This tutorial is a synthetic example of refinement of a "bad model". To prepare it, the published structure (PDB code 1B20) was shaken by torsion angle dynamics to an rms of about 1 Å away from the published structure. The worst one fourth of the structure - the residues for which at least one atom was disordered in one of the three copies of the protomer - was removed; the solvent molecules were also excluded from the partial model and all fragment's B factors were set to 25 Å2.

What does BUSTER do here

There are three separate steps in this job:

  1. cycle 0: the first BUSTER run uses the starting structural model to phase the structure factor amplitudes; from these phases a 2Fo-Fc electron density map is computed and a prior distribution for the location of the missing atoms is derived; the output of this scaling-phasing only job is LIST.0.html
  2. cycles 1-21: the second step is the Maximum Likelihood refinement of the partial structure model, while the distribution for the missing atoms is kept equal to the initial one; data up to 1.7 Å are used for refinement; soft NCS restraints are enforced throughout.
  3. cycles 22-23: the last step is the Maximum Entropy completion of the missing structure: parameters are varied to modify the density of the initial distribution for the missing atoms; atomic positions and B factors for the atoms in the partial structure are kept fixed to the values they reached at the end of the refinement. Given the degree of imperfection of the partial structure, only data up to 3.00 Å are used for the MaxEnt calculation. -->

Input Preparation

A few parameters need some attention: see the simple quick input guide

Main items of the output

We list here a few of the key items you might want to check in the LIST.html output file:
  1. R-factors and Log-likelihood gain plots: the simplest way of checking if the model parameters are indeed improving the fit to the working- and free-set.
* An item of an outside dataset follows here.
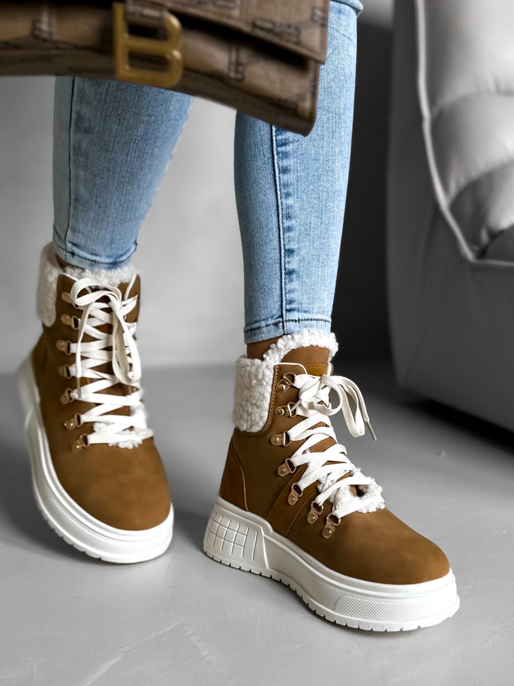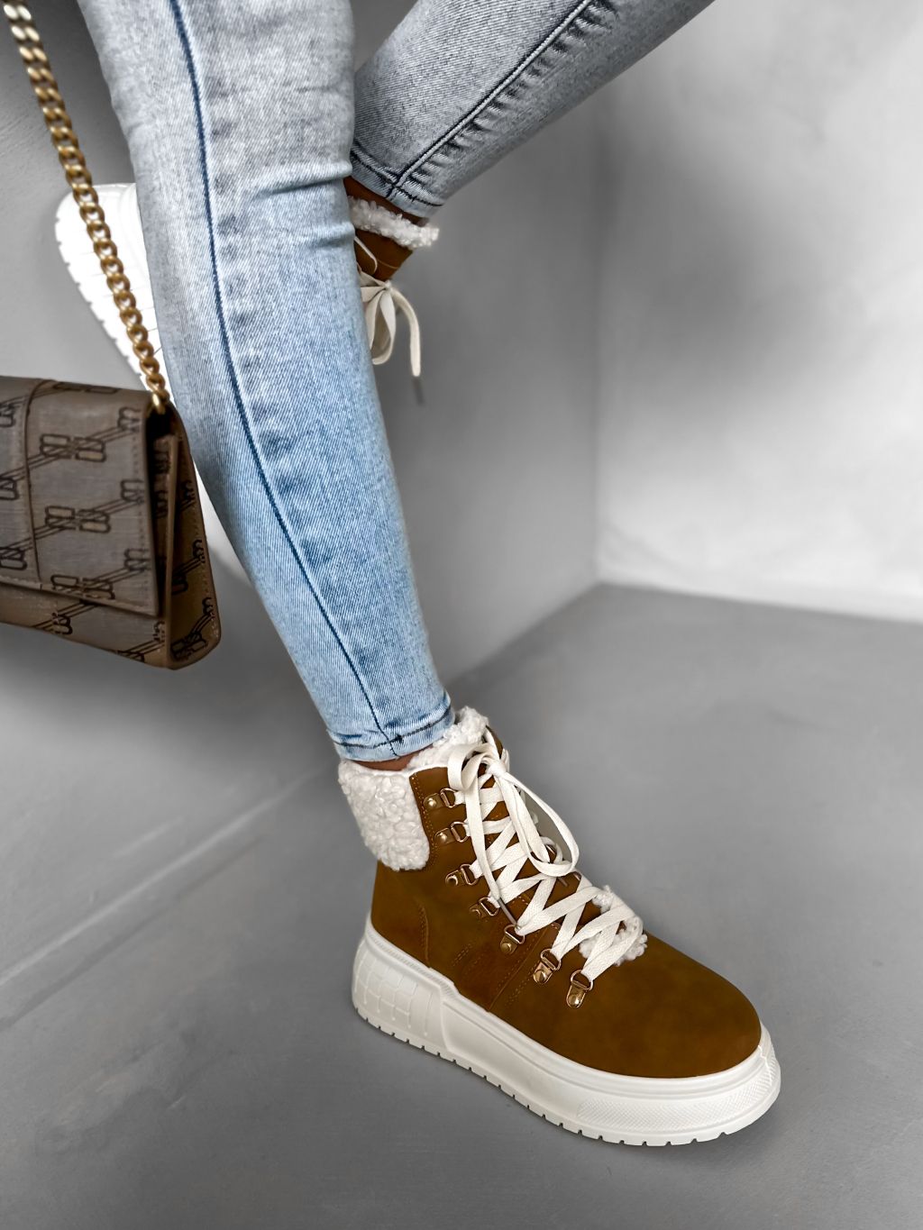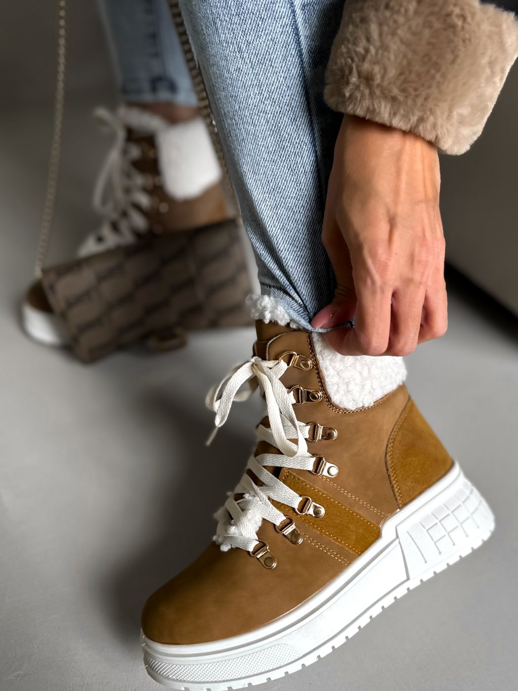 Hnedé členkové topánky BERYL s kožúškom

    During refinement (cycles 1-21) the R factors decrease; the working-set and free-set Rfactors do not differ by more than a fraction of a percent - due to the NCS. By chance the free R is lower than the working R.

    The plot of Log-Likelihood gain vs. cycle number shows an increase of the LLG, starting from the initial value of 0;

    The working-set LLG is bound to increase because the refinement is driven by maximising the likelihood of the model with respect to the working set; more important is to check that the free-set LLG increases as well.
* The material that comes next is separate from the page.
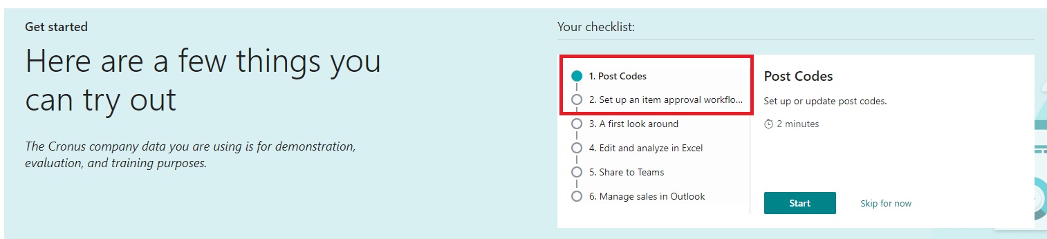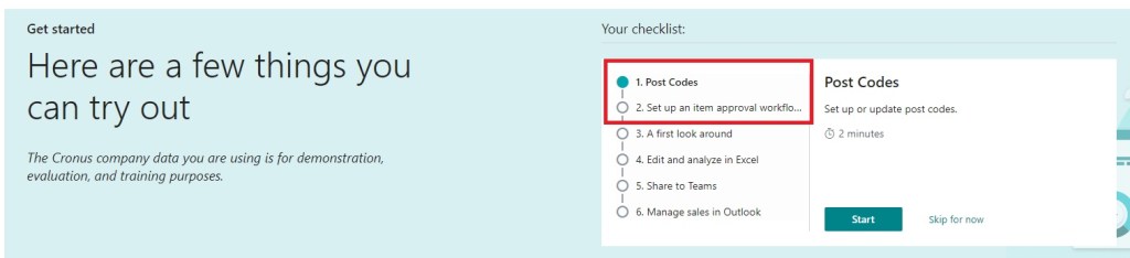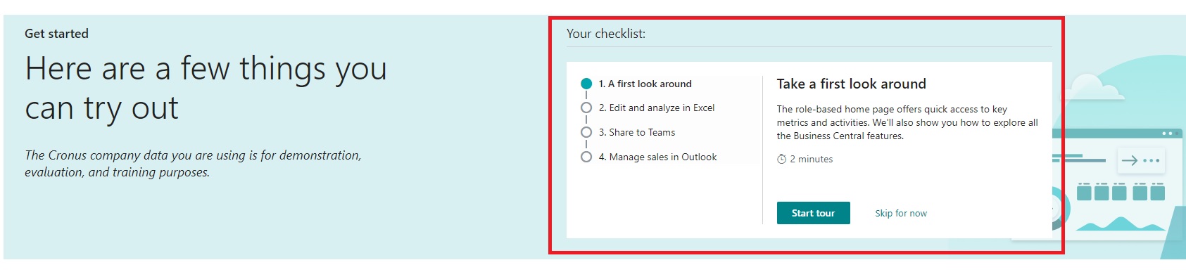 When the user hits Get started on their Home page (role center), a checklist is revealed inside the banner. The checklist provides users with an overview of their onboarding activities, while allowing them to learn and explore at their own pace. A checklist is made of a serie of tasks. You can customize these tasks by going to the Checklist Administration page:

  2. Correlation coefficients plots: the correlation coefficients curves are a good tool to monitor the improvement in the structural model during refinement and MaxEnt completion; they are independent of the overall scale factor but do depend on the values of the relative scale factors between the partial and missing structures.

    The (Fobs,Ffrag) and (Fobs,Fcalc) curves only differ at low resolution because in Fcalc there are contributions from the solvent and the low-resolution envelope for the missing atoms, while in Ffrag only the atoms in the PDB model for the partial structure are taken into account.
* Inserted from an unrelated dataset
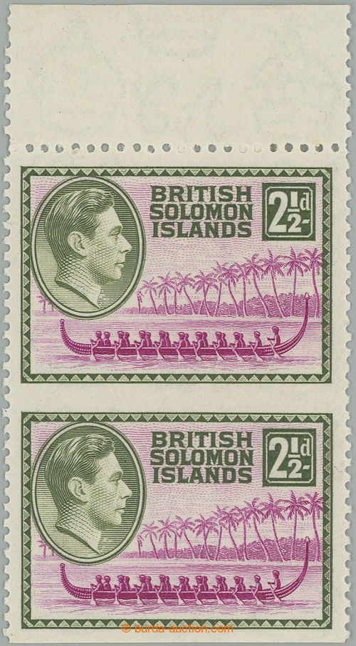 Philately. SG.64a, George VI. - War Ship 2½P, vertical marginal pair with OMMITED HORIZONTAL PERFORATION BETWEEN; VF, c.v.. £26.000 (!), scarce, important rarity (Image) (Image2)

    Most importantly, the (Fcalc,Fexpct) curve depends on the imperfection parameters that parameterise the BUSTER internal error model. The larger the internal estimate for the error on the calculated F, the more this CC curve departs from unity. A comparison between the (Fcalc,Fexpct) and the (Fobs,Fcalc) correlation coefficients curves can inform as to the adequacy of the BUSTER internal error model: if the latter is correct, after the first cycle the two curves should be close to one another.

    The (Fobs,Fobs+d) curve is a measure of the noise on the data vs. resolution. This correlation coefficient is lower than unity when the noise on the data becomes large (typically at high resolution, where the I/s(I) is lowest).

    • It is useful to compare the Correlation Coefficient curves between cycle 0 and cycle 21 (beginning and end of refinement):

      Cycle 0: After the first round of scaling, you can see that the ``observed correlation'' (Fobs,Fcalc) agrees with the ``predicted correlation'' (Fcalc,Fexpct): the initial error model is adequate.

      The (Fobs,Fcalc) correlation coefficients are better than the (Fobs,Ffrag) at low resolution (except for the 54 reflexions in the first resolution bin) because of the improvements brought about by solvent and missing atoms models.

      Cycle 21:At the end of the refinement all the CC values are closer to unity than they were at the beginning: this is due to the improvement of the model for the partial structure.

      The imperfection Bfactor for the partial structure at the end of refinement come down to a value around 4 (see curves below): still the ``predicted correlation'' (Fcalc,Fexpct) is in good agreement with the ``observed'' one, (Fobs,Fcalc), as it should if the error model is adequate.

    • Let's now check the curves showing the geometric restraints residuals and the parameters of the imperfection models, as refinement progresses:

    • Sterochemistry residuals: the plot of the normalised sum of geometry residuals can be used to make decisions as to the value of the X-ray weight.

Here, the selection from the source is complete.